[Pacemaker] Problem : By colocations limitation, the resource appointment of the combination does not become effective.
renayama19661014 at ybb.ne.jp
renayama19661014 at ybb.ne.jp
Thu Mar 4 19:42:53 EST 2010
Hi All,
We test complicated colocation appointment.
We did resource appointment to start by limitation of colocation together.

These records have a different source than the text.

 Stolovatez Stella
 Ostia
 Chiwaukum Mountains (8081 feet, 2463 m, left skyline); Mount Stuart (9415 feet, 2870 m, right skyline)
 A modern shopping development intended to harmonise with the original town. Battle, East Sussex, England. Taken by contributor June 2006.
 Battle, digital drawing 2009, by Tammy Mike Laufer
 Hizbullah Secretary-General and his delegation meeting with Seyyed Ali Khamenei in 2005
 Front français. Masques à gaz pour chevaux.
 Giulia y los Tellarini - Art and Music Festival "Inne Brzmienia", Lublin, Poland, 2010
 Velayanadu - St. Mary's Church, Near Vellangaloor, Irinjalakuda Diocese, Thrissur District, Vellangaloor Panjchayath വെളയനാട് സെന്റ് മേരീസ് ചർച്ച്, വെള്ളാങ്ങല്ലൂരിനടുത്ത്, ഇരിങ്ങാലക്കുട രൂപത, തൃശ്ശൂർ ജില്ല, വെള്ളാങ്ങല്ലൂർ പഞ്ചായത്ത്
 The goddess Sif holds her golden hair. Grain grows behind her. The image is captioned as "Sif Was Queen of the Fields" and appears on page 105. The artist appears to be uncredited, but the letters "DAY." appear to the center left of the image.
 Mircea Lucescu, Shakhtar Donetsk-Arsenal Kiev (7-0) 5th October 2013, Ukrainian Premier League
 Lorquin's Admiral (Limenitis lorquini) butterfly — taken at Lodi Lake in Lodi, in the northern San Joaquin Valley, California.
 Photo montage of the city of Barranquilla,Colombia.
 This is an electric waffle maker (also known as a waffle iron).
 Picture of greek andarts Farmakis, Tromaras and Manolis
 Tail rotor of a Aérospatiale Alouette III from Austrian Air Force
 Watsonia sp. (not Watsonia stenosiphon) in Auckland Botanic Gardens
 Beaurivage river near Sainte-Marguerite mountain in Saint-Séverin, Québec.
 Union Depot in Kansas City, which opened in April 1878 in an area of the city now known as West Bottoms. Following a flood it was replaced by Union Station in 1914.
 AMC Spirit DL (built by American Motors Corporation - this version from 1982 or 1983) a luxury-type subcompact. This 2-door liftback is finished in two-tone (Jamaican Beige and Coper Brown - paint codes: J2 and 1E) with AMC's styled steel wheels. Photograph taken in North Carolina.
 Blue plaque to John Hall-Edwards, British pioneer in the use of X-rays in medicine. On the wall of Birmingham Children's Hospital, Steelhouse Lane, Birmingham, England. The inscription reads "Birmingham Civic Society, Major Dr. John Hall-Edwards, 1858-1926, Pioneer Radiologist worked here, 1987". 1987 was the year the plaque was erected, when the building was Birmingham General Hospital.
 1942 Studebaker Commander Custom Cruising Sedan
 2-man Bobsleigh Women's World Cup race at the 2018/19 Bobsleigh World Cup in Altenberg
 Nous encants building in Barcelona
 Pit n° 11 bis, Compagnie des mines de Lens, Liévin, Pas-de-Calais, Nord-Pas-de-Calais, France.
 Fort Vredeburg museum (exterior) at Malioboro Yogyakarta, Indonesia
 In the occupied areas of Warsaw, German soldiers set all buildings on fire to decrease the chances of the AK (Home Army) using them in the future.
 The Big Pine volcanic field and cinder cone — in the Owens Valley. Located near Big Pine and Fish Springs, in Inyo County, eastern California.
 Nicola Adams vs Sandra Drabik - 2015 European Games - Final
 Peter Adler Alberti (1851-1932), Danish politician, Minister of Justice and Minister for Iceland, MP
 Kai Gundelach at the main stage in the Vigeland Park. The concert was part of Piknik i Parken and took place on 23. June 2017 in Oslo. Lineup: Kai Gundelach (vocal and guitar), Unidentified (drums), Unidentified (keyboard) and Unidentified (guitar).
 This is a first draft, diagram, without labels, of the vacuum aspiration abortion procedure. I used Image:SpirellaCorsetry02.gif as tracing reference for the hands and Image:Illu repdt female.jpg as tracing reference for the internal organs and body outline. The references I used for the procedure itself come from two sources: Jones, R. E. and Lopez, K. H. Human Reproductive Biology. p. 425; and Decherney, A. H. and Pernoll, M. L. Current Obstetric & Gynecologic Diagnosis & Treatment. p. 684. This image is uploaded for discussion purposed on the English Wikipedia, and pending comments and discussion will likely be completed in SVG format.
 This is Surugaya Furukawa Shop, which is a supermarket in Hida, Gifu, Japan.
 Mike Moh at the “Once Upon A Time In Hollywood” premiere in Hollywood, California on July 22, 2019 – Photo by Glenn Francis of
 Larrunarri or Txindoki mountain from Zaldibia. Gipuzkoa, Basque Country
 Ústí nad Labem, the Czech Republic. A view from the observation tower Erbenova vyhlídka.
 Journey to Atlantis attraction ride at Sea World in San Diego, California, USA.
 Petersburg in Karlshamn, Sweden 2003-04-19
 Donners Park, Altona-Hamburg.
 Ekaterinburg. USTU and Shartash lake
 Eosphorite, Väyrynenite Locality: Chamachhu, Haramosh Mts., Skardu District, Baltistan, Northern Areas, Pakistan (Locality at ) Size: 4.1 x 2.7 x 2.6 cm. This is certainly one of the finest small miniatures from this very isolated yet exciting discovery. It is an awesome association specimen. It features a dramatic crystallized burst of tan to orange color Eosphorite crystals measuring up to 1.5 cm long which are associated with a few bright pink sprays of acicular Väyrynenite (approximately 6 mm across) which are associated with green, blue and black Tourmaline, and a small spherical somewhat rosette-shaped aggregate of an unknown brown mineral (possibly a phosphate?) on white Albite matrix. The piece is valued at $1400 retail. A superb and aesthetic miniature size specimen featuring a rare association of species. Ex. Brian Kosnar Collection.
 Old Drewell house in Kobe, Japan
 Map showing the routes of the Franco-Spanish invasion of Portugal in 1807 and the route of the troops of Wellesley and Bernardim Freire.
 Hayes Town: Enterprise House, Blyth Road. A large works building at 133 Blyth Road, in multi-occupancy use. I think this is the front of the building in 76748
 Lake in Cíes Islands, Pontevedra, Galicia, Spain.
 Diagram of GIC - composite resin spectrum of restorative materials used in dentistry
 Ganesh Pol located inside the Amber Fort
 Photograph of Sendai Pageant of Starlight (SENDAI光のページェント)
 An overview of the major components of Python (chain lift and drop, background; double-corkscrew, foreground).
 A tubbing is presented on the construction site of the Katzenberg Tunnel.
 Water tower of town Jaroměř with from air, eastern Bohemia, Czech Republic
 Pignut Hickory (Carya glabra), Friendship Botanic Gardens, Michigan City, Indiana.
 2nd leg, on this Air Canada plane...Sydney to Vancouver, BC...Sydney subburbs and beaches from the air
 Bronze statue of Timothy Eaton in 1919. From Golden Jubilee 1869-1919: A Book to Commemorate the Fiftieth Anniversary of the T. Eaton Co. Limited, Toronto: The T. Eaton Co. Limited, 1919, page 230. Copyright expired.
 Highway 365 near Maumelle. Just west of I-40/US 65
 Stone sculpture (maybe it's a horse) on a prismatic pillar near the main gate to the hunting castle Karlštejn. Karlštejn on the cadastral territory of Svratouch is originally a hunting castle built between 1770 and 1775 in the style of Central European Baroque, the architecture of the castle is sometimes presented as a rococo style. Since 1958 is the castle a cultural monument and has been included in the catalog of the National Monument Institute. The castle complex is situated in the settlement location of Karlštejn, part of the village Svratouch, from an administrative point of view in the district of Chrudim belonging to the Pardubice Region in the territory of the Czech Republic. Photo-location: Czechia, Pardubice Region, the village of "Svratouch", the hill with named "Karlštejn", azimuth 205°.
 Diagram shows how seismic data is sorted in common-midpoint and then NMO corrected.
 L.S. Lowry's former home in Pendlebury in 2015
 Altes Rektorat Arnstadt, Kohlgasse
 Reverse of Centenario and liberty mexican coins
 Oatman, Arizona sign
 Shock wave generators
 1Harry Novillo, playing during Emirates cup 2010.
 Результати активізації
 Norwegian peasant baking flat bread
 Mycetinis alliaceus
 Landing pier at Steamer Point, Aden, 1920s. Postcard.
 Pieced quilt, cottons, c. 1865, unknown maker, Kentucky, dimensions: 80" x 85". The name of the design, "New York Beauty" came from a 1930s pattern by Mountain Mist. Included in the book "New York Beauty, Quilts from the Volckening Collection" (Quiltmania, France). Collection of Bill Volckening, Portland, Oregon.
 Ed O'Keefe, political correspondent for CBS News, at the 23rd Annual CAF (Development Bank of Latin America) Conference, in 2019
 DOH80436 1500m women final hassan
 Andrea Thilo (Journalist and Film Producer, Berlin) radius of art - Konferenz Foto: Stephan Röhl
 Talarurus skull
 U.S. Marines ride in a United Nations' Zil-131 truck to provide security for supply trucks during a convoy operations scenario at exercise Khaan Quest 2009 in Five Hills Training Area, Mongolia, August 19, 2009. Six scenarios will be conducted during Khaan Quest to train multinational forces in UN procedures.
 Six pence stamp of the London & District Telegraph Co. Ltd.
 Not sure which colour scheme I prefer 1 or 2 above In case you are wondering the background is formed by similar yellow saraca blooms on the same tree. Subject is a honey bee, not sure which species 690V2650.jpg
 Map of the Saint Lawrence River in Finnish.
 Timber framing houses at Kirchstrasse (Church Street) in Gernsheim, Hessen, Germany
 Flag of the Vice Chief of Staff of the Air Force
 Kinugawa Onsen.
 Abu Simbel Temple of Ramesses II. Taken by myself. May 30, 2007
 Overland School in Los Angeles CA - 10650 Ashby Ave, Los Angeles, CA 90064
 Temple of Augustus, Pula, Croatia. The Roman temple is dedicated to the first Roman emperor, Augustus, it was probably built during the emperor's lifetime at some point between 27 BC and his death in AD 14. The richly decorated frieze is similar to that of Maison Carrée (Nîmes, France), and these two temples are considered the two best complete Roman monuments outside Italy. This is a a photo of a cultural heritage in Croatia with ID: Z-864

But, the resource that set limitation starts when the resource that we appointed does not start in a
certain procedure.
We did the following appointment.
<rsc_colocation id="rsc_colocation01-1" rsc="UMgroup01" with-rsc="clnPingd" score="1000"/>
When clnPingd did not start, we met with the phenomenon that UMgroup01 started.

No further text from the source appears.